Sia Amma (pronounced seeAHmuh), by the way, is her middle name (Sia) and her given first name (Amma). She found out while working on In Search of My Clitoris that, for the Dogon tribe of West Africa, ‘amma’ means ‘clitoris’. “It’s just kind of fate,” she says matter-of-factly, munching her almonds.

When she’s not performing, Amma is busy with her nonprofit organization, Global Women Intact. Founded in the late 90s, its goal is to educate both Africans and Americans about female circumcision and work towards ending the practice. In Africa, this involves conversations, lessons and workshops with children and adults. “I talk to the women, one by one, or I go to the schools,” she explains.

She teaches girls about the value of their bodies, circumcisers about the lifelong consequences of the procedure they perform; all the while, tuning in to what they have to say so she is not doing all the talking. In the U.S., Amma’s performances serve as conversation-starters on these important issues, which she feels don’t get the attention they deserve in our culture.

Global Women Intact also provides tuition for schoolchildren in African countries. “Paying their school fees is not a lot of money,” Amma says, “but it makes a lot of difference to keep them in school and help them get an education.
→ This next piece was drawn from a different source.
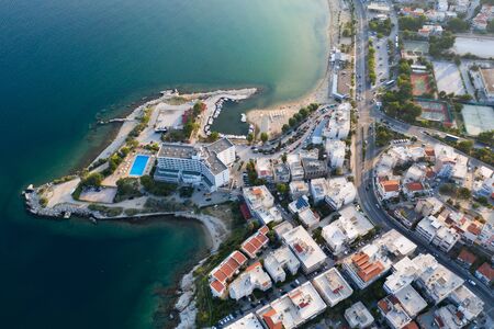 Athens Greece riviera coast, Asteras Vouliagmeni. Aerial drone view of the bay and peninsula, south coast. Cloudy blue sky, calm sea water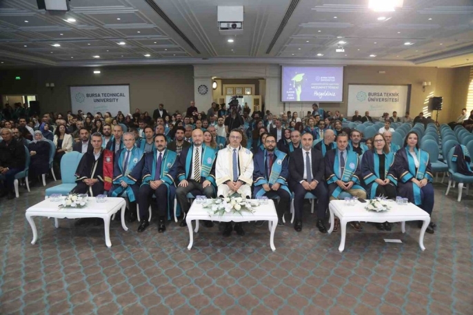 Bursa Teknik Üniversitesi'nde (BTÜ) yüksek lisans ve doktora öğrencileri için mezuniyet töreni düzenlendi. 449 mezunun keplerini attığı tören, Mimar Sinan Yerleşkesi Turkuaz Salon'da gerçekleşti. Törene BTÜ Rektörü Prof. Dr. Naci Çağlar, Rektör Yardımcısı Prof. Dr. Beyhan Bayhan, akademisyenler, mezunlar ve aileleri katıldı.

The little that I’m able to do, I do it.” Her activism in Africa is supported with donations, but it’s primarily funded with proceeds from her own work in the States. And she beams when she tells me its work she enjoys. “Every cent that I make goes into that and paying the rent. So, I’m making it. I think I would die if I had a 9 to 5!”

She doesn’t have a 9 to 5, but she’s working on so much you’d swear she never sleeps. In addition to writing, performing, and Global Women Intact, Amma runs a 25-seat performance space, Our Little Theater. The intimate venue hosts stand-up comedy showcases as well as Amma’s own productions. She plays a major role in organizing and sponsoring the San Francisco African Dance and Drum Festival. As a day job, she braids hair. She sings at a local bar on Mondays, and this year she’ll be participating in the 3rd Annual San Francisco Multicultural Stand-up Comedy Festival.

To Sia Amma, this busy life is well worth it. Performing, especially comedy, has had a cathartic effect for her. “I do it for the fun of it, and I do it for the love of it,” she says. “I do it because it helps me deal with a lot of situations. It also has helped me to become an activist and be able to do something for the world. I think I would have been a very bitter person had I not discovered the comedy scene.”

Today, Amma wears black clothes on deep chocolate skin, and it makes for a stunning contrast with those sparkling eyes, with her laughing mouth and its infinite white teeth. As we talk, I realize that her comedy is the same way. Light against a darker background, humor in the midst of hardship. And that’s not pity, Amma. That’s respect.

Kay Dover is a writer from San Francisco.